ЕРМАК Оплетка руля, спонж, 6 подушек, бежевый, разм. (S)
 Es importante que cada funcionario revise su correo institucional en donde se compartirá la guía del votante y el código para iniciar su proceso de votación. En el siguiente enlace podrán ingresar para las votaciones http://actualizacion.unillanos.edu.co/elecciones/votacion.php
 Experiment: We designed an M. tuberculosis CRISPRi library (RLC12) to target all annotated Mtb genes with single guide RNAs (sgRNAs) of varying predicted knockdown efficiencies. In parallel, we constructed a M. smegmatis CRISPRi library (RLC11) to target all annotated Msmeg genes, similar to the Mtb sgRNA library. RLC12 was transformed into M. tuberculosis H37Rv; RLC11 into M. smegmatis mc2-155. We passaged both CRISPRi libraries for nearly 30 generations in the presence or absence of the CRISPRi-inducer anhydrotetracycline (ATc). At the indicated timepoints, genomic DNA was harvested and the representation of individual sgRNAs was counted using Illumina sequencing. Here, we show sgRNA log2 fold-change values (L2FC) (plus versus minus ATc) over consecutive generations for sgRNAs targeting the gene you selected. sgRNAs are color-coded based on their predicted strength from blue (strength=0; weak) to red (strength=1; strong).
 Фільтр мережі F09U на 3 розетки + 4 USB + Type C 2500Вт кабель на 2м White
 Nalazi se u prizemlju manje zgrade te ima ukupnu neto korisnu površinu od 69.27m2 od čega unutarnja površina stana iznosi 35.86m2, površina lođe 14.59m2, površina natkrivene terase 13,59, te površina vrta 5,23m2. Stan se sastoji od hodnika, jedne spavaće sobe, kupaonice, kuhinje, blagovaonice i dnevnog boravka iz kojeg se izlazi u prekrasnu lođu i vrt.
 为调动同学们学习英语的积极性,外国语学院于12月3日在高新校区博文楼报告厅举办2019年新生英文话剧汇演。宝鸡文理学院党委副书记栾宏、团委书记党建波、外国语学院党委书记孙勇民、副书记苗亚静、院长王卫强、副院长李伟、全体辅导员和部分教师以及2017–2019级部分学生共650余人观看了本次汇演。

Problem to solve |
Start at the first line of the entries and stop at the line that contains "Es importante que". Repeat every line in that span exactly, and nothing beyond it.

Reply |
ЕРМАК Оплетка руля, спонж, 6 подушек, бежевый, разм. (S)
 Es importante que cada funcionario revise su correo institucional en donde se compartirá la guía del votante y el código para iniciar su proceso de votación. En el siguiente enlace podrán ingresar para las votaciones http://actualizacion.unillanos.edu.co/elecciones/votacion.php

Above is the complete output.